The injection of carbon dioxide (CO2) is very effective for increasing oil recovery and it is a proven technology in the enhanced oil recovery (EOR). The success of this CO2 injection depends heavily on several parameters, such as the injection pressure, oil swelling, wettability, interface tension, rock permeability, viscosity ratio, oAPI of oil, fluid saturation, and reservoir heterogeneity [1]. Some research about CO2 has been done by previous researchers both in terms of feasibility studies, [2,3,4,5,6], technical studies [7,8] and laboratory experiments [9]. From those studies, it can be concluded that the main factors causing success in CO2-EOR include the decrease in oil viscosity [8,9,10,11], oil volume expansion [1,12,13,14], oil extraction and evaporation [9,15,16], injection pressure [1,16,17,18,19], and solution gas drive [17,20].
Based on reservoir characteristic parameters in the initial screening criteria and CO2 source availability in the field, it is recommended for Layer F of KHL Field be chosen for CO2 injection implementation [2]. In order to support the feasibility of applying CO2 gas injection, it is necessary to determine the minimum miscible pressure (MMP) and swelling factor between oil samples from Layer F with CO2 gas as the fluid to be injected. If the miscibility condition is achieved in the injection or pressurization process above minimum miscibility pressure, then the pressurization will be efficient and an optimal increase of oil recovery is obtained, however, pressurization below the minimum miscibility pressure can still increase oil recovery significantly.
The study presented in this paper is a laboratory study related to the application of CO2 flooding in Layer F of KHL Oil Field, including determination of the minimum miscible pressure (MMP), swelling test analysis to determine the swelling factor and observation of oil recovery increase at several injection pressures below and above MMP using continuous CO2 gas injection method. This laboratory study was conducted at PPPTMGB "Lemigas" Jakarta.

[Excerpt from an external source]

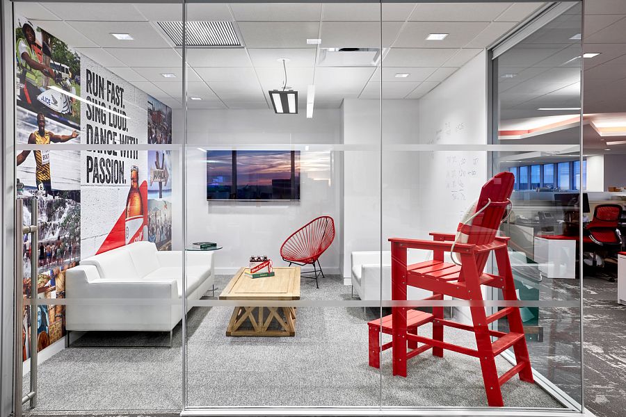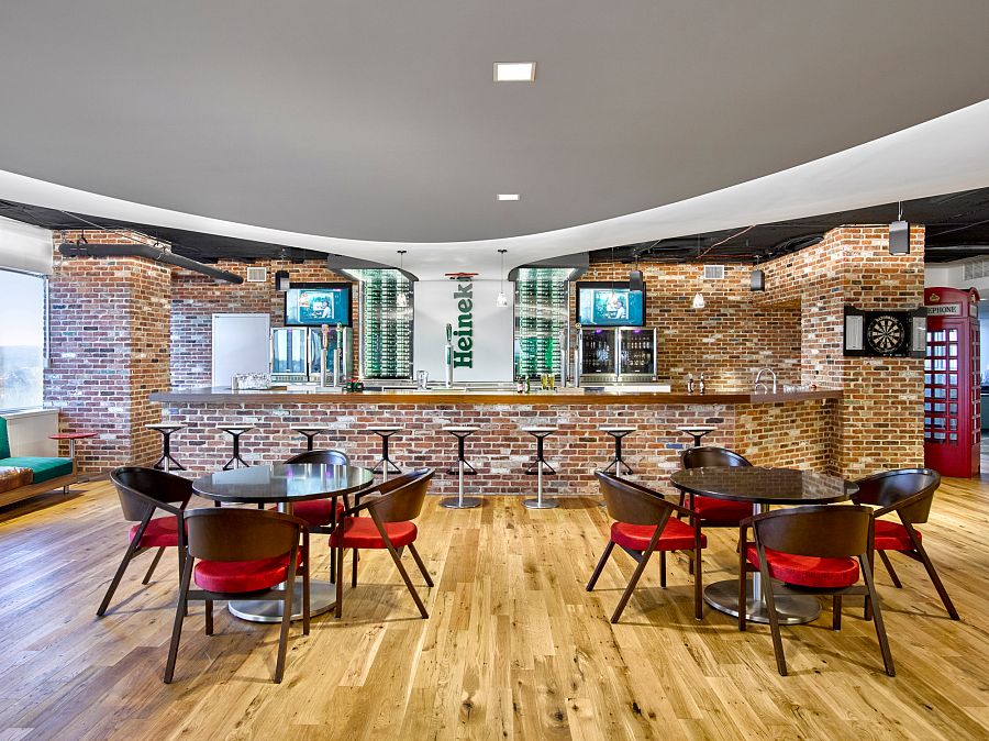 В функциональной схеме офиса главную роль играют брендированные и украшенные крупными графическими символами переговорные, а также зона бара (кафе), запроектированная в центре первого этажа. Кафе развернуто по направлению к главной лестнице, основание которой окружено ступенчатыми конструкциями из белого дуба. Это и есть «территория взаимодействия» со свободной рассадкой. Зона бара ограждена стеной из натуральных кирпичей, оставшихся после сноса старых зданий в историческом центре Нью-Йорка.

2. Basic Concept and Methods

The CO2 injection (well known as miscible CO2 injection) is performed by injecting CO2 into a reservoir through injection well to displaced oil in the reservoir to the production wells. CO2 is a stable molecule where one carbon atom binds two oxygen atoms. The molecular weight of CO2 is 44.01, with 87.8 0F of critical temperature and 1071 Psia of critical pressure [12]. There are several reason why CO2 is used as injected gas: easy to obtained and relatively affordable compared to other gas; CO2 is miscible in oil and water; CO2 injection could produce 60 - 90 % of OOIP [1], and CO2 can act as “flooding agent” - a miscible substance that can act as displacing fluid [9,21].
Stalkup, Jr., [1] states that the mechanism of CO2 injection in the reservoir is that oil swelling (since CO2 is very easy to miscible in oil), reduces oil viscosity (more effective than N2 or CH4), reduces the interfacial tension between oil and CO2/oil phase at the miscible area, and create miscibility when the injection pressure is high enough (greater than minimum miscibility pressure/MMP).
CO2 source used in the injection process is an important parameter to be considered regarding the injection volume required for the CO2 injection program. The available CO2 source must be relatively pure since some gas component such as methane can increase the minimum miscible pressure, and the other gas component such as hydrogen sulfide is dangerous, smells, and causes a serious environmental problem. The best CO2 source can be the CO2 that is produced from a production well or the CO2 that is produced from a gas factory. The other sources are the stock gas from coal-fired; acid gas separation of oil fields - as exhaust gas from power plants; limestone calcination facilities; and waste products from cement factories. The gas released from an ammonia plant can be the other alternative [1,9].

2.1. Screening Criteria

Screening criteria for selecting the best EOR method for an oil field is based on the "Implemented Technology Case", which is the current implied technology or at least has been proven applicable in an oil field [22]. The technology includes thermal methods, chemical injection, and miscible displacement as shown in Table 1.
When Table 1 is used, there will be several EOR methods that are applicable in one oil reservoir. To determine which one is the best method to be performed (the method that economically gives the optimum oil recovery), further research of laboratory study, mathematical model (simulation), and pilot test on the field is required. Table 1 will give options on the homogenous reservoir [22]. For a heterogenous reservoir with fractures, faults, lateral discontinuity, or an oil reservoir with a gas cap; further study is required to find the impact of the reservoir heterogeneity on each EOR method [9].
According to Taber, J.J., Martin, F.D., and Seright, R.S., [22], the parameters that influence the selection of the EOR method can be divided into 2 (two) groups: oil physical properties (oil gravity, oil viscosity, and oil composition) and reservoir characteristic (oil saturation, reservoir lithology, net sand thickness, porosity, permeability, reservoir depth, and reservoir temperature). Meanwhile, the reservoir water brine properties such as salinity and solids content are used as a supportive parameter.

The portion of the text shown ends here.